Ramakrishna Prashanth, P M Nabeel, Kiran V Raj, Joseph Jayaraj, Sivaprakasam Mohanasankar
Annu Int Conf IEEE Eng Med Biol Soc. 2020 Jul;2020:2719-2722. doi: 10.1109/EMBC44109.2020.9176739.
The major challenges in deep learning approaches to cuffless blood pressure estimation is selecting the most appropriate representative of the blood pulse waveform and extraction of relevant features for data collection. This paper performs an analysis of a novel dataset consisting of 71 features from the carotid dual-diameter waveforms and 4 blood pressure parameters. In particular, the analysis uses gradient boosting and graph-theoretic algorithms to determine (1) features with high predictive power and (2) potential to be pruned.

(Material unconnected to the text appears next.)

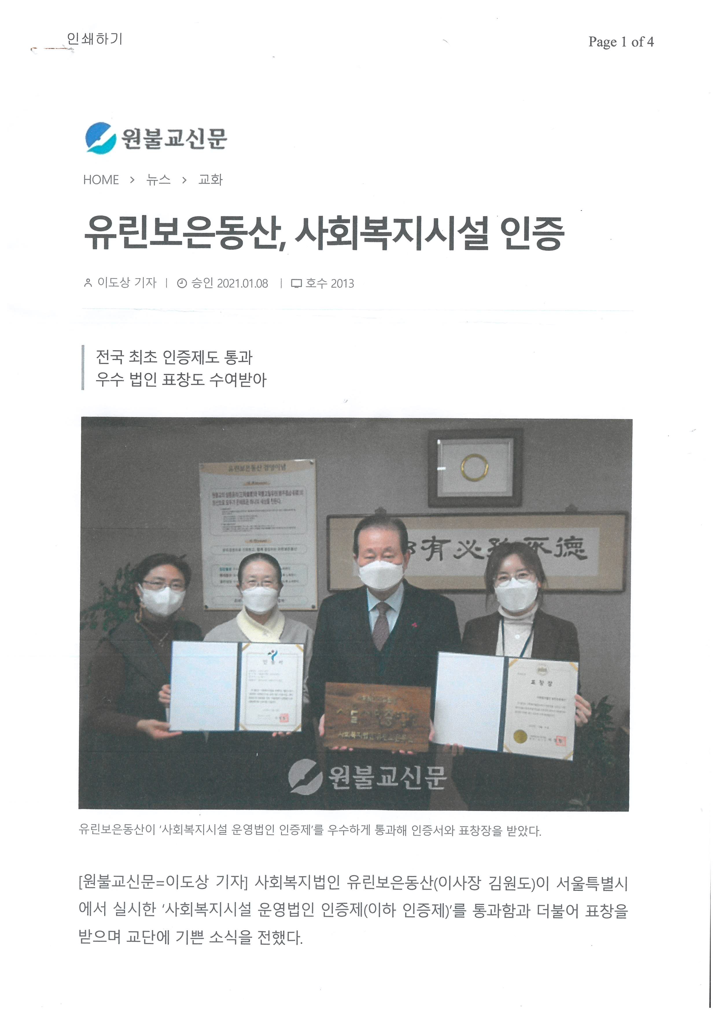 2021.01.08 유린보은동산, 사회복지시설 인증, 원불교 신문

Identifying such features and understanding their physiological significance is important for building blood pressure estimation models using machine learning that is robust across diverse clinical environments and patient sets.
深度学习方法用于无袖带血压估计的主要挑战在于选择最合适的脉搏波形代表以及提取数据收集的相关特征。本文对一个新数据集进行了分析,该数据集包含来自颈动脉双直径波形的71个特征和4个血压参数。具体而言,该分析使用梯度提升和图论算法来确定:(1)具有高预测能力的特征;(2)可被删减的可能性。识别这些特征并理解其生理意义对于构建在不同临床环境和患者群体中都稳健的机器学习血压估计模型非常重要。